My floor is finished and I have the quilting table put up. Don't have the machine on it yet. I want to clean it up and have to buy some oil.

The back under the shelf had to be pieced because there wan't quite enough of the grey and black. But that's fine I'll probably have storage bins setting there.


















My box of batting that came with the quilting table.


----------



## countrysunshine (Jul 3, 2008)

How nice! You will really enjoy that space. Congratulations.


----------



## Country Lady (Oct 2, 2003)

Oh, I love your flooring. It looks so cool! Keep the updates coming. I think everyone is interested.


----------



## Chixarecute (Nov 19, 2004)

Neat. We love it already!


----------



## Ruby (May 10, 2002)

My DIL does that professionaly. She's worried that the tile will eventually crack since it's a wood floor. I told her not to worry about it. Heck she GAVE me the tile the wood filler and the glue then came and laid it for me. Then wouldn't take even gas money. She is so awesome.


----------



## Fae (Mar 9, 2005)

Looking good. I really did not know exactly what to do with the floor in my building so we just painted it for now.


----------



## CJ (May 10, 2002)

It looks great, I love your flooring!


----------



## AngieM2 (May 10, 2002)

Really nice. I think I have sewing building envy getting underway.


----------



## Tinker (Apr 5, 2004)

Ruby, she did a great job with your flooring--you would never know it was odds & ends, it looks like it was planned that way.


----------



## Ruby (May 10, 2002)

Fae said:


> Looking good. I really did not know exactly what to do with the floor in my building so we just painted it for now.


This floor had been painted green. Problem with just painting it when you are sewing and little bits of thread gets on the floor it's almost imposible to sweep them up.
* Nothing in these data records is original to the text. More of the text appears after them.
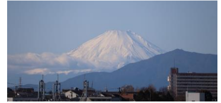
白楽の高台付近から望む元日の富士山

備えあれば患い無し！4年ぶりに防災フェアーを開催し、地震災害発生時の災害対策本部立ち上げ、安全確認、炊き出し訓練等を検証します。
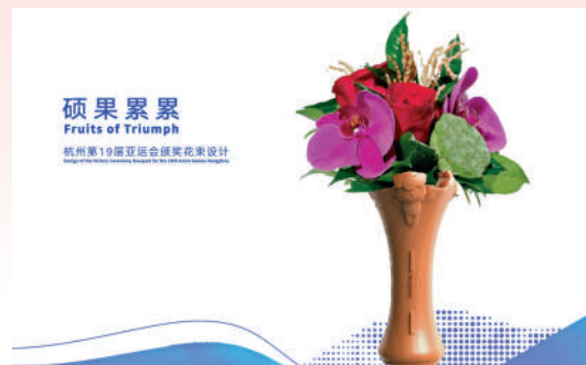
▲杭州亞運會頒獎花器設計。

【大公報訊】據新華社報道：「鮮花可能會慢慢凋零，但花器能夠成為永久的紀念。每個運動員將它帶回自己的家鄉，其實也是國家之間的一種文化交流。」
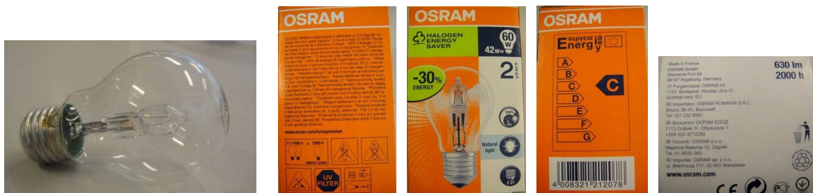
Fot. 2 Badana żarówka halogenowa i jej etykiety

Jest to żarówka z żarnikiem wolframowym, wypełniona gazem szlachetnym z niewielką ilością halogenu (czyli fluorowca, np. jodu), który regeneruje żarnik, przeciwdziałając jego rozpylaniu, a tym samym ciemnieniu bańki od strony wewnętrznej. Halogen tworzy związek chemiczny z wolframem (parami wolframu w bańce i na ściankach bańki). Związek ten krąży wraz z gazem w bańce w temperaturze panującej blisko żarnika, a następnie rozpada się na wolfram i fluorowec. W rezultacie tej reakcji następuje przenoszenie cząstek wyparowanego wolframu z bańki na żarnik. Proces ten nazywa się halogenowym cyklem regeneracyjnym. Występowanie tego cyklu pozwala zwiększyć temperaturę żarnika do około 3200 K, zatem żarówki halogenowe cechują się wyższymi skutecznościami świetlnymi w porównaniu do zwykłych lamp żarowych (do 18 lumenów/wat).
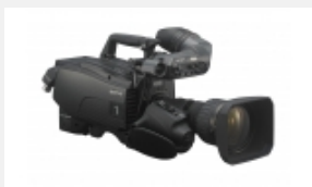
HDC-4300 Cámaras de sistema 4K/HD
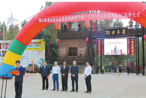
授予墨子古街“食品经营示范街”称号
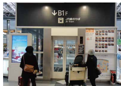
5 乘坐国内线航站楼的电梯前往 地下1层。
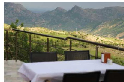
Nemrut Euphrat (Kahta)
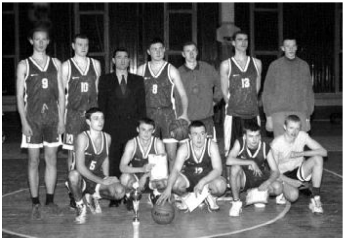
Незважаючи на невдалий фініш «Медін» налаштований перемагати у плей-офф

Також варто відзначити невдалий виступ ІФНТУНГа, який більшість своїх матчів програв у заключній чверті і з мінімальним рахунком.
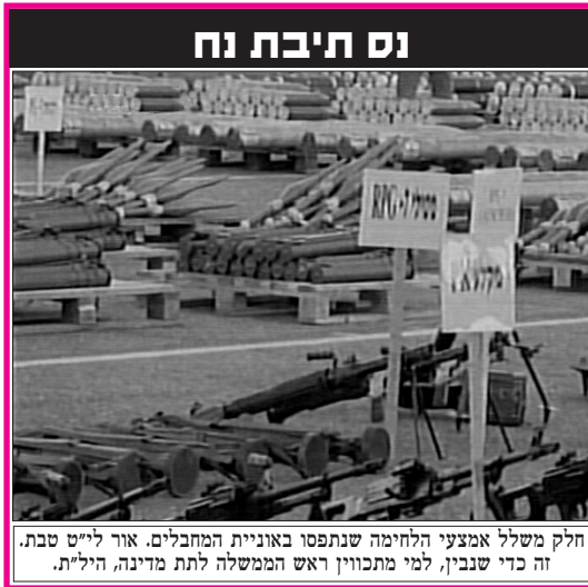
חלק משלל אמצעי הלחימה שנתפסו באוניית המחבלים. אור לייט טבת. זה כדי שנבין, למי מתכווין ראש הממשלה לתת מדינה, היל"ת.

חייבים להודות, מעבר לנס ההצלחה הצבאית, יש כאן נס נוסף - לעצור את המדינה הפלסטינית שעל הסכנה שבה, כבר העיד הרבי שליט"א
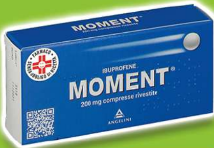
MOMENT 6 cp. - 200 mg

SPECIALE Catalogo N° 12 VALIDO DAL 4 NOVEMBRE 2019 AL 30 APRILE 2020
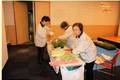
会場を花で飾ります♪
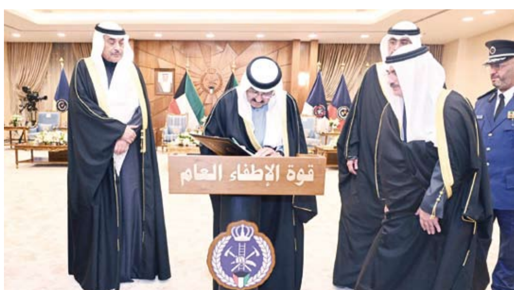
سمو الأمير يوقع على سجل الشرف في قوة الإطفاء
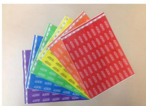
天際100 手帶 sky100 Wristband

Images are for reference only. Quantities are subjected to availability.
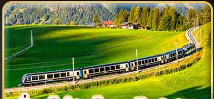
นั่งรถไฟสายโรเมนติก 2 สาย Golden Pass / Luzern Interlaken Express
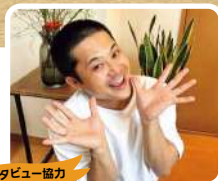
インタビュー協力
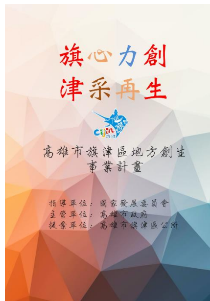
圖 4.高雄市旗津區地方創生事業計畫書

蒐集旗津地方資料，整合有意願提出計畫之事業體，協助提出事業計畫，撰寫地方創生事業計畫書，並持續滾動修正。
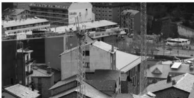
Grues en una construcció a Andorra la Vella.
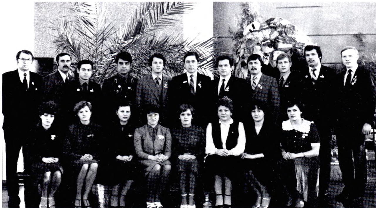
Делегаты областной комсомольской конференции от г. Свердловск-45 (1985 г.)
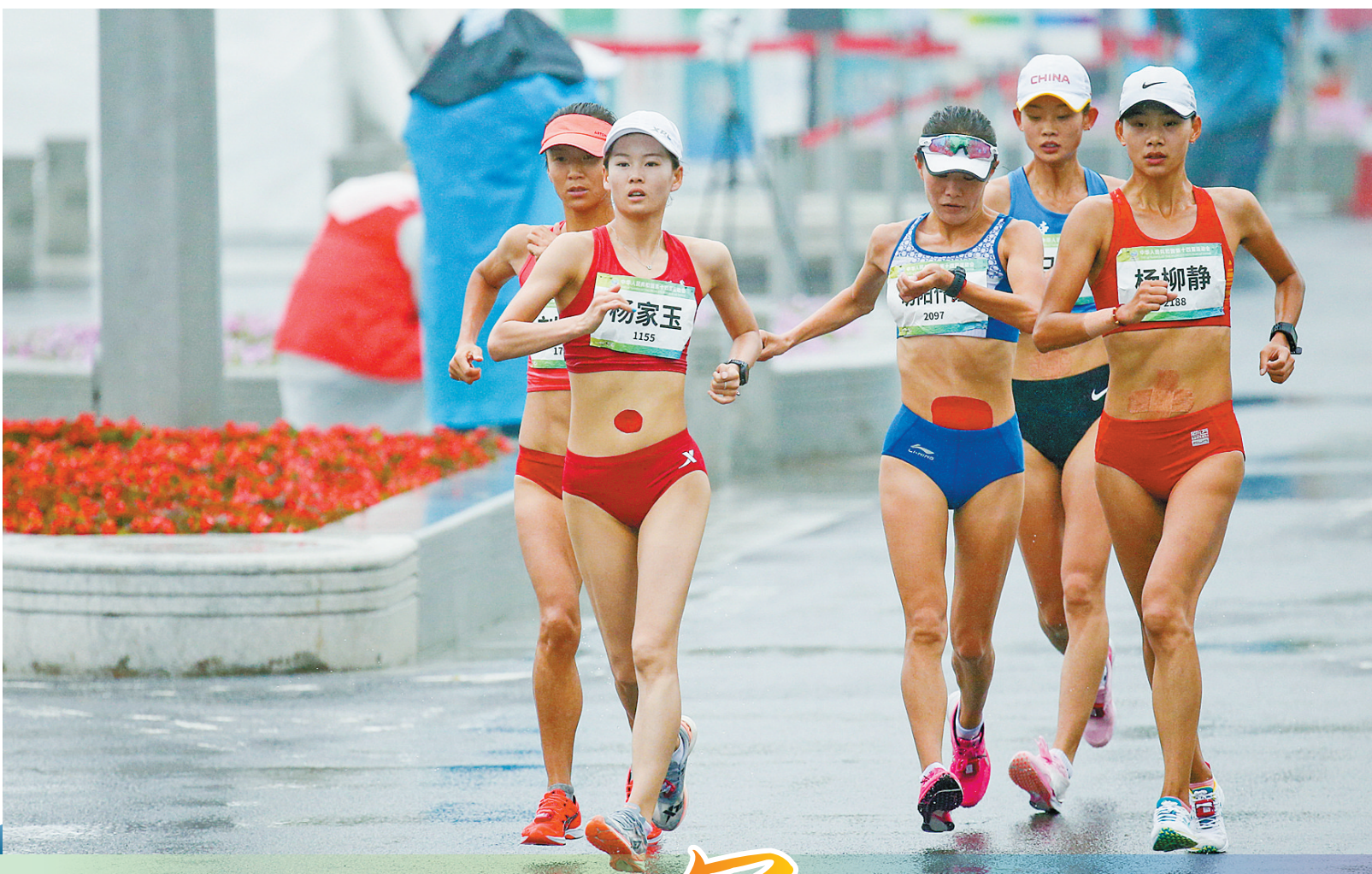
女子10公里竞走杨家玉夺冠。
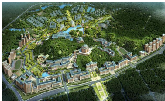
中山大学深圳校区建设效果图
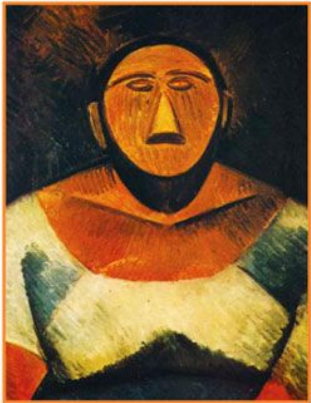
Пабло Пикассо Фермерша 1908 Государственный Эрмитаж Санкт-Петербург
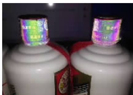
真假茅台对比图(左真右假)
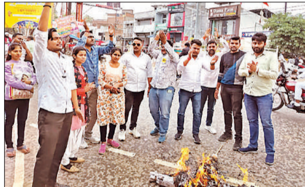
पश्चिम बंगाल सरकार का पुतला जलाते अभिविप के सदस्य।
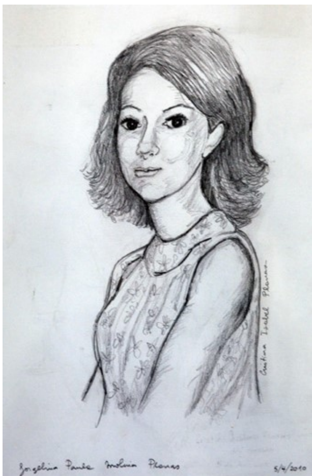
Mi mamá , crayon noir sur papier, 2010, 35 x 45 cm, Buenos Aires

Been there done that. LOL


----------



## Maura (Jun 6, 2004)

Your floor looks like a beginner's quilt, so appropriate. No, I'm not jealous. I'm not. Really!

What did you use for the insulation?


----------



## rivenoak (Sep 29, 2009)

Looks great! Enjoy.


----------



## Ruby (May 10, 2002)

The insulation was already in it. It looks they may have used some used insulation. We will be putting more over that to make a better R factor before we put the drywall or paneling in. Haven't decided yet what I'll be using on the walls.

Maura you are right it does look sorta like a beginner quilt. Never thought about that.


----------



## Fae (Mar 9, 2005)

I have already told my son that we have to do something else with the floor but not right now because I need to start Christmas sewing. I am having computer keyboard issues so am not posting much lately but wanted to weigh in about your building.


----------